Companies with internal engineering resources can also get creative by constructing their own solutions by using APIs like Twilio and SendGrid, as well as existing off-the-shelf marketing technologies like Marketo.

The best talent communities have an automated passive strategy to nurture candidates, such as email campaigns. They also have a more active strategy for engaging the most relevant candidates, such as recruiters actively sourcing within these pools.

== Return on investment ==
The value for employers is in decreasing their time to fill and cost per hire. This can be accomplished through effective job distribution to social media, free job boards, and search engines via search engine optimization (SEO) which generates organic career site visitors that may become talent community members. For many reasons, not all visitors apply for jobs via the employer's ATS, the talent community gives visitors an alternative to a formal application and an opportunity for the employer to build a relationship with potential candidates. The talent community gives HR teams access to applicants that have researched their company and are thinking long term about their careers, which may infer a higher quality candidate. Moreover, having a warm pipeline of talent means that corporate recruiters don't have to spend time reaching out cold through various resume databases, networking sites like LinkedIn or hoping the right person will apply through a job posting. The talent community becomes an active, opt-in database of relevant job seekers that HR can contact directly which shortens their time to hire when filling a new job.

The benefits have been similarly stated as: qualified candidates at a recruiter's fingertips; less dependence on ineffective job boards (also known as employment websites); less money spent on job advertisements; increased interaction with potential candidates; better quality of applicants to job openings; creation of a talent pipeline for future job openings; and, attraction of passive candidates.

== Talent pool vs. CRM vs. talent pipeline vs. talent community ==

While there are differences across these various terms, in reality they are used mostly interchangeably within the HR and talent acquisition communities.

A talent pool is a database of everyone that has ever applied to a recruiter's jobs, regardless of relevance. It is typically a one-way communication, whereas a talent community will have more two-way communication between recruiters/employers and talent – both active and passive job seekers.

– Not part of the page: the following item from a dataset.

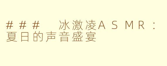 在炎热的夏季,冰激凌无疑是许多人心目中清凉的象征。而近年来,冰激凌ASMR(自发性知觉高潮反应)逐渐流行开来,成为一种特别的听觉享受。ASMR视频中的冰激凌不仅仅是味觉的体验,更是视觉与听觉的结合,让人们在享受美味的同时,感受到一种身心上的放松。

A candidate relationship management (CRM) is similar to a sales team's customer relationship management software. However, while sales tools like Salesforce have been around for decades, CRMs for talent management are relatively new for corporate HR teams. This translates to less functionality relative to the analogous sales software. There is also much lower usage of these tools because they are so new. The vast majority of HR teams are not used to using a CRM, and so many of these systems go unused at companies that have them. Instead, internal recruiting teams are using existing tools like applicant tracking systems (ATS) and LinkedIn to manage their relationships with candidates.

The idea of a talent pipeline is an abstract notion of having warm relationships with relevant groups of potential applicants. These pipelines can be managed via a talent community, CRM, or even a spreadsheet in very simple cases.

== Common pitfalls of talent communities ==
Many employers mis-step in their execution of talent communities. First, the majority of companies never engage with their talent community members given the lack of marketing DNA within the HR function. It becomes overwhelming for most companies to write relevant emails to each segment within their talent community on a regular (weekly or monthly) basis. Second, many companies will send job openings to their talent communities. However, the members of these communities have explicitly decided to sign up for the talent community in lieu of applying for a job and are much more interested in information regarding company culture or professional development. Last, companies do not proactively engage with the most relevant people who may be a good fit for an open role and are much more prone to take a passive strategy.